Background

Lung cancer is the leading cause of cancer-related mortality in China [1, 2]. Percutaneous lung biopsy (PTLB) is an important method for obtaining histological samples for the pathological diagnosis of lung lesions [3]. Pneumothorax is the most common complication of computed tomography (CT)-guided percutaneous lung biopsy [4]. Approximately 15.0% of patients develop pneumothorax, and approximately 6.6% require chest tube insertion [5]. The occurrence of these complications is influenced by various factors, including lesion location and size, underlying lung condition, needle diameter, length traversed by the biopsy needle through the lung parenchyma, and operator experience [6,7,8]. Emphysema is markedly associated with the incidence of pneumothorax after PTLB [9], and the incidence rates of pneumothorax and chest tube placement after PTLB are substantially higher in patients with emphysema than in those without emphysema (41.1% vs. 24.3%) and (27.2% vs. 8.8%, respectively). Tract embolization has been recommended as a preventive measure for pneumothorax according to relevant guidelines [10]. Current methods to prevent PTLB-induced pneumothorax include injection of autologous blood patches [11,12,13,14], NaCl 0.9% solution [15], hydrogel plugs [16, 17], and gelatin sponge particle slurry [18,19,20,21].

As short-term embolization materials, gelatin sponge particles are non-antigenic, non-toxic, and absorbable. These particles have been used in surgery and vascular intervention for a long time. Gelatin sponge particles have been shown to effectively prevent the development of pneumothorax and chest tube placement by blocking the biopsy tract [18]. Although some studies have included patients with emphysema, the sample sizes were small, or the degree of emphysema was not graded. The efficacy of biopsy tract embolization in preventing PTLB-induced pneumothorax in patients with emphysema needs to be clarified.

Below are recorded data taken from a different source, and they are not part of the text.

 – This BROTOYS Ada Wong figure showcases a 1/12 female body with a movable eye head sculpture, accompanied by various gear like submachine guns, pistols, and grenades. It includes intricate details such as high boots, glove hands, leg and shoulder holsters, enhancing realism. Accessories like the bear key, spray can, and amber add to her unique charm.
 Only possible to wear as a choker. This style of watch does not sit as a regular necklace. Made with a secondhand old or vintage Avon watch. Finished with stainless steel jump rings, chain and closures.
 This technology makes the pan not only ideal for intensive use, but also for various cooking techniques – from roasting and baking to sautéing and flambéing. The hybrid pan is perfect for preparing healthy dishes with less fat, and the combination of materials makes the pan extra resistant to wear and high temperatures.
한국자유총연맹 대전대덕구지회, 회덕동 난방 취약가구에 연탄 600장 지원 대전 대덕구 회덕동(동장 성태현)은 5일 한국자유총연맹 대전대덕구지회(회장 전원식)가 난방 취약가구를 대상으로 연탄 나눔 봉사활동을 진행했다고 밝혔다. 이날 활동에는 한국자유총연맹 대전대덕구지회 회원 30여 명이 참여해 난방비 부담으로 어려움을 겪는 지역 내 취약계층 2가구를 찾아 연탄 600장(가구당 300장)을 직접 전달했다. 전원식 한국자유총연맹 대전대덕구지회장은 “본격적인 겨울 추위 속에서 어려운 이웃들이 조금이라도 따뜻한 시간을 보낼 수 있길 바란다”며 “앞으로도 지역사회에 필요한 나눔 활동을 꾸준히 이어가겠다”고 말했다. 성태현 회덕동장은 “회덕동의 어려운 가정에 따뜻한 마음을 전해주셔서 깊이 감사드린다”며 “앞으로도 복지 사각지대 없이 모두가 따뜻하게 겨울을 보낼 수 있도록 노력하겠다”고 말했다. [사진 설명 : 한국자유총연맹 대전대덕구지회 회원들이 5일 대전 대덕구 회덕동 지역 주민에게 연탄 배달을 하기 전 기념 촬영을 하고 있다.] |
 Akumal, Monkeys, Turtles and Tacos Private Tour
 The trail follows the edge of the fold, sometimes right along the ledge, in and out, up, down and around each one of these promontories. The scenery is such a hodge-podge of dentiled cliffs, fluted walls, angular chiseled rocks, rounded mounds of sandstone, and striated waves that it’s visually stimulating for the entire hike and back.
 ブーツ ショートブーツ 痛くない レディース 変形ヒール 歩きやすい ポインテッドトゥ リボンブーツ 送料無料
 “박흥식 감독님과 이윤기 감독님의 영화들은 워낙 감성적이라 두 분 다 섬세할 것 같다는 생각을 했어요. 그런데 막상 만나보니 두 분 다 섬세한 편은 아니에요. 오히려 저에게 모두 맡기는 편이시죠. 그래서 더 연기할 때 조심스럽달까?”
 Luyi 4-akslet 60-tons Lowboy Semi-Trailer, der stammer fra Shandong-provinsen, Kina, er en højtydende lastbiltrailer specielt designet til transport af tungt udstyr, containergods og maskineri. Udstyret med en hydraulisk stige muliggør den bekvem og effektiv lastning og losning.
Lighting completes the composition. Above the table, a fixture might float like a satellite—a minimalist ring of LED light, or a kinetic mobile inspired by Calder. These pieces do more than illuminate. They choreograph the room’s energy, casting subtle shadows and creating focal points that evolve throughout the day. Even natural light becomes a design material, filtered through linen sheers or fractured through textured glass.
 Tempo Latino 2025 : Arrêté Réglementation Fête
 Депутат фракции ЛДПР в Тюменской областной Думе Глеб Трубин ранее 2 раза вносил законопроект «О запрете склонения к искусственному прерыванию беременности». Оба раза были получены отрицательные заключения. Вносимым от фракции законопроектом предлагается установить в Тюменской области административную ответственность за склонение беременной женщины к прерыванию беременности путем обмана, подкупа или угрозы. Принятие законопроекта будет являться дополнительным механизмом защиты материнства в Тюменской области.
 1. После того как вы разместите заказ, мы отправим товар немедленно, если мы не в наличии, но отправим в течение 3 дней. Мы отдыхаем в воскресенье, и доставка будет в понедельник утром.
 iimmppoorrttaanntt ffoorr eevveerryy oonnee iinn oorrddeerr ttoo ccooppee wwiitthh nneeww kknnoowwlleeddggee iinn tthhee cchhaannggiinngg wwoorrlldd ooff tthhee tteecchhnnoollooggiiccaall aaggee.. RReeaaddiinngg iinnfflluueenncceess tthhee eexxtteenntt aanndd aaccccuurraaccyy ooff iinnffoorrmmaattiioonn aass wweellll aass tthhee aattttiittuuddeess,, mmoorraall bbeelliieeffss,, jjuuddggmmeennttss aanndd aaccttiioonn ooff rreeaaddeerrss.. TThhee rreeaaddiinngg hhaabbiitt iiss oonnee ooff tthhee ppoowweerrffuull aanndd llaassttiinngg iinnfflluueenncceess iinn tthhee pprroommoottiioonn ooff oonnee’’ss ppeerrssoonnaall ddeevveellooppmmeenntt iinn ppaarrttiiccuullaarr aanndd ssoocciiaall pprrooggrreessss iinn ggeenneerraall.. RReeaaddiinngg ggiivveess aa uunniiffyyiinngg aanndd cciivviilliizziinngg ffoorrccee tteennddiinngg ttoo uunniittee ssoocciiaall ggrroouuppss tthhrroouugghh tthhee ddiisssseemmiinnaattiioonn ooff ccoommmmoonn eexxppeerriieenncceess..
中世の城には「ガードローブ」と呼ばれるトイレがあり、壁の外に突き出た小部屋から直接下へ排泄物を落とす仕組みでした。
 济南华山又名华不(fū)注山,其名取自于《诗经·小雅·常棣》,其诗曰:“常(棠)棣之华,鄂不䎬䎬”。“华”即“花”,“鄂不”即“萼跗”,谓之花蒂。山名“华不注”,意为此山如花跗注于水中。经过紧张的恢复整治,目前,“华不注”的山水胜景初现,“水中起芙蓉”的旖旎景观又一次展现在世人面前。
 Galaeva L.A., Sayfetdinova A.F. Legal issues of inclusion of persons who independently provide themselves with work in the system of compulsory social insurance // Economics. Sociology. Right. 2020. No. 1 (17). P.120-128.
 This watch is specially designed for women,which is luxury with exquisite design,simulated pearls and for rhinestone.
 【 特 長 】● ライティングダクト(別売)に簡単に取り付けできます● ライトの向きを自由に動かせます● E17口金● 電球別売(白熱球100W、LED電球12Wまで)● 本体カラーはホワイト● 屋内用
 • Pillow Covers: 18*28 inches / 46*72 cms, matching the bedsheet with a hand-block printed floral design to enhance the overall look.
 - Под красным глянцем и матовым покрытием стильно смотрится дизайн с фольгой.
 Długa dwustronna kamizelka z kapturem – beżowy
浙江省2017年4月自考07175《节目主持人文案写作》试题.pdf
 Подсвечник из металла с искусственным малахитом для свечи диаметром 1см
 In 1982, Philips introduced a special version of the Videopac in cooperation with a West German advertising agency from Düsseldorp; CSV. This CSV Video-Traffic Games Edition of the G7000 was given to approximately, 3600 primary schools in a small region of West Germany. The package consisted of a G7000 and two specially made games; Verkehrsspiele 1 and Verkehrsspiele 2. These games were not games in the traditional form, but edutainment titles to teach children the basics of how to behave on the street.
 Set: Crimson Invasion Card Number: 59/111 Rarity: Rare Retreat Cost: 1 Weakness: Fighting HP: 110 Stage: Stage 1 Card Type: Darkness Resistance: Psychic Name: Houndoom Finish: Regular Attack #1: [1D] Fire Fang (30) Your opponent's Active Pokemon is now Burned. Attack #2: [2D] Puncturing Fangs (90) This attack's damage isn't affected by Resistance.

Therefore, in the current study, we aimed to evaluate the efficacy and safety of biopsy tract embolization using gelatin sponge particles to reduce PTLB-induced pneumothorax in patients with emphysema.

Materials and methods

Study population

This retrospective study was approved by our institutional review board and ethics committee (Approval number: 2,017,002). The requirement for informed consent was waived.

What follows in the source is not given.